▸ The input
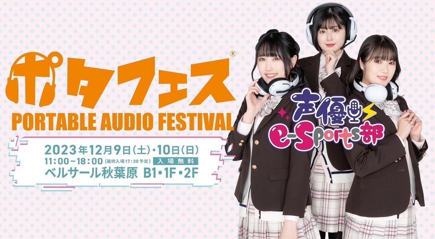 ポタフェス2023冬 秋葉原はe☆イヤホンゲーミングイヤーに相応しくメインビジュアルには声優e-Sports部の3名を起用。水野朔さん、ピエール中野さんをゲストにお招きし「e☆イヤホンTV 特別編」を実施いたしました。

==

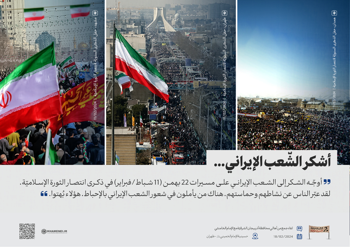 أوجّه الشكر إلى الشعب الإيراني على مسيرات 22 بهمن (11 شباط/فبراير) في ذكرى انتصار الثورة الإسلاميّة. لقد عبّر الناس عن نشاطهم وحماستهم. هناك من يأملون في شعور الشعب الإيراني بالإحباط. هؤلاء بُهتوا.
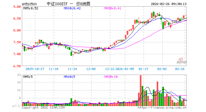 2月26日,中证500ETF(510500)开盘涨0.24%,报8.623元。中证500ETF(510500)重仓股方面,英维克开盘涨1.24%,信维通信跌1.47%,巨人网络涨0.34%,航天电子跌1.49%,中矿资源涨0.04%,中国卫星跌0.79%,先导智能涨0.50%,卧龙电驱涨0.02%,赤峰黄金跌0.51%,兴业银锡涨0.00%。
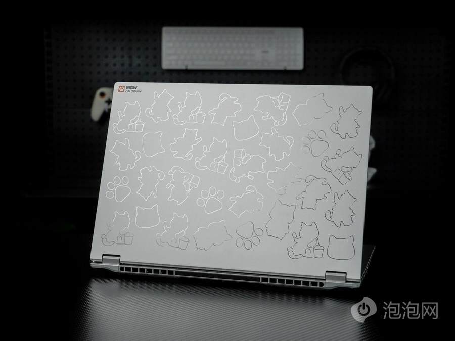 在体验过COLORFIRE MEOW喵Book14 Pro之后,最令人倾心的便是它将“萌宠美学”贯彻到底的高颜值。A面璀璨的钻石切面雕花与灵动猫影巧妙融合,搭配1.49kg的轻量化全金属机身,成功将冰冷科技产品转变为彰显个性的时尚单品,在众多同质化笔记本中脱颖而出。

▸ Your goal
To complete this exercise, transcribe exactly the lines above from the one that holds "أوجّه الشكر إلى" through the one that holds "2月26日,中证500ETF". Pictures stay out.

▸ Exercise response
 أوجّه الشكر إلى الشعب الإيراني على مسيرات 22 بهمن (11 شباط/فبراير) في ذكرى انتصار الثورة الإسلاميّة. لقد عبّر الناس عن نشاطهم وحماستهم. هناك من يأملون في شعور الشعب الإيراني بالإحباط. هؤلاء بُهتوا.
 2月26日,中证500ETF(510500)开盘涨0.24%,报8.623元。中证500ETF(510500)重仓股方面,英维克开盘涨1.24%,信维通信跌1.47%,巨人网络涨0.34%,航天电子跌1.49%,中矿资源涨0.04%,中国卫星跌0.79%,先导智能涨0.50%,卧龙电驱涨0.02%,赤峰黄金跌0.51%,兴业银锡涨0.00%。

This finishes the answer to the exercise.